Today, we’re going just two weeks back, to the beach trip; Oak Island, NC, a quick getaway while we could, and while it was still warm enough to do so – okay, that was kind of misleading, because I’ve done beach trips in NC in the dead of winter. Some days are pretty nice, about like most people picture New England beaches, sweater or light jacket weather. So let’s just say, while it was still hot enough to enjoy swimming. We, meaning The Girlfriend and I, were coming back from the beach itself after a fascinating sunset (which will be forthcoming,) up a couple hundred meters of convenient access road to the motel where we were staying. This short path passed through back-dune scrub, marshland, a small housing development, and a patch of woods before getting out to the main road, all in a five-minute walk, and we were nearing the patch of woods when I heard the call of a barred owl (Strix varia.) Barred owls are easy to distinguish, because they have the “who cooks for you?” cadence and tone. The light was late twilight, just a little glow left in the sky, which is about the earliest they start calling, and I knew from the sound quality that the owl wasn’t too far off – they have a soft and faintly echoey quality to their voices, which will give the impression that they’re a lot further away than they really are (which means if you hear them really clearly, you’re probably directly underneath them.) I voiced my suspicions to The Girlfriend, and as we walked onward and the calls kept repeating, we were able to triangulate a bit; I was pretty sure I knew almost exactly where they were coming from, and I watched the trees for a break in the foliage that might provide a view. Within a few more steps, I got both the break I was looking for and a vindication of my stalking skills, as a dark shape high in a bare tree was revealed. Boosting the ISO and purposefully setting to underexpose, I managed to get a couple of decent frames with the 100-300 L lens.
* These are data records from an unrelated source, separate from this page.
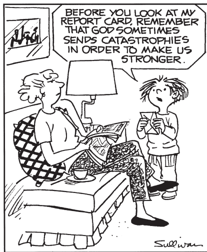
from The Joyful Noiseletter Reprinted with permission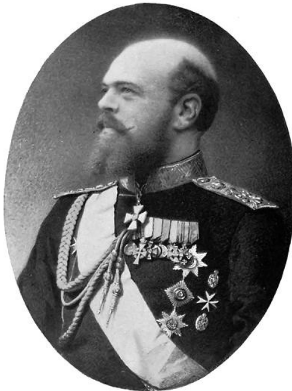
ALEXANDER III., CZAR OF RUSSIA.

It will suffice to say, in conclusion, that shortly after these events Peter became the reigning czar, and turned from sport to earnest. Sophia had enjoyed so long the pleasure of ruling that her ambition grew with its exercise, and she sought to retain her position as long as possible. It is even said that she laid a plot to assassinate Peter, so that only the feeble Ivan should be left. The boy, told that assassins were seeking him, fled for his life. His fright seems to have been groundless, but it made him an undying enemy of his sister. The affair ended in the bulk of the nobility and soldiery turning to his side and in Sophia being obliged to leave the throne for a convent, where she spent the remainder of her life in the misery of strict seclusion.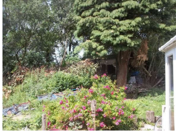
Garden with trees to west, mainly on neighbouring plot beyond

Vegetation, including shrubbery will inevitably be used by birds for nesting to some extent.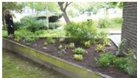
Salisbury Row Park, LB Southwark

park features a shady triangular raised bed, which the MPGA granted funds to plant up with appropriate plants to green the area and inspire others with similar situations in their own gardens. The plants are labelled with information for the public and the bed is maintained by the Friends' Group.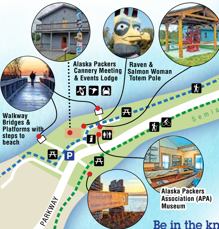
Antique machinery used in the canning of salmon

Pause by the Semiahmoo Marina breakwater and watch harbor seals surface with curious eyes. These playful residents are often spotted between Semiahmoo Wharf Pier and Jorgensen Public Pier, offering unforgettable moments for wildlife lovers. Remember to keep a respectful distance—binoculars let you enjoy close-up views while giving the seals plenty of space.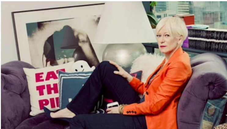
Joanna Coles will be leaving Hearst.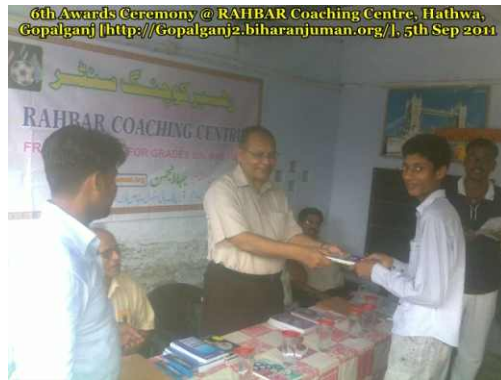
6th Awards Ceremony @ RAHBAR Coaching Centre, Hathwa, Gopalganj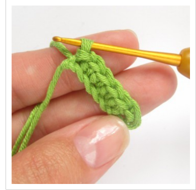
3. Crochet one sc in every chain. Cut the yarn and draw the end through the loop.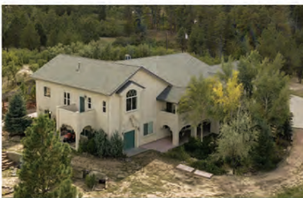
8376 SUGARLOAF ROAD | PERRY PARK EAST | OFFERED AT $899,999 | 5 ACRES!

Listen, 1/10 of a second at 300mm is not at all what anyone should be attempting handheld, so I’m pleased that I actually got what you see here. But it occurred to me, as we watched, that I’d never seen a barred owl calling, only heard it in the darkness, because as we watched and it continued, we could see that it hunched forward and raised its tail slightly with the effort, as if passing a troublesome mouse skull.
I had thought I had an audio clip of one somewhere, but all I have are the ‘monkey calls’ of a late-night argument, so I’ll direct you over to the Cornell Lab of Ornithology, where you can not only hear the calls, you can see the position they adopt while doing so, since Timothy Barksdale captured some (daylight) video of one.
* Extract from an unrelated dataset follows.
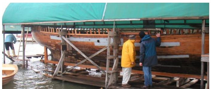
Examining the Corahyn - side view

By the way, these are not small birds; they can stand about 30cm or more from the perch, with a body width in the 20cm range (it varies a lot, especially since it’s mostly feathers,) and can weigh up to a kilo – this is yours truly with a permanent captive, back from a training session on safe handling for presentations, as opposed to safe handling during rehab which requires a bit more restraint since jesses (those little leg leashes) were never used. But birds are deceptive since, again, they’re mostly feathers, as well as conserving weight to be able to fly, so they’re one-third or less what they appear to weigh. The talons and beak, however, are just as nasty as they appear to be, if not more so, and I have a few scars from my rehab days to prove it. Barred owls don’t have that kinda stern, no-nonsense expression of hawks, but they are actually more enthusiastic about communicating their displeasure, which will involve their handler’s blood if they have their way.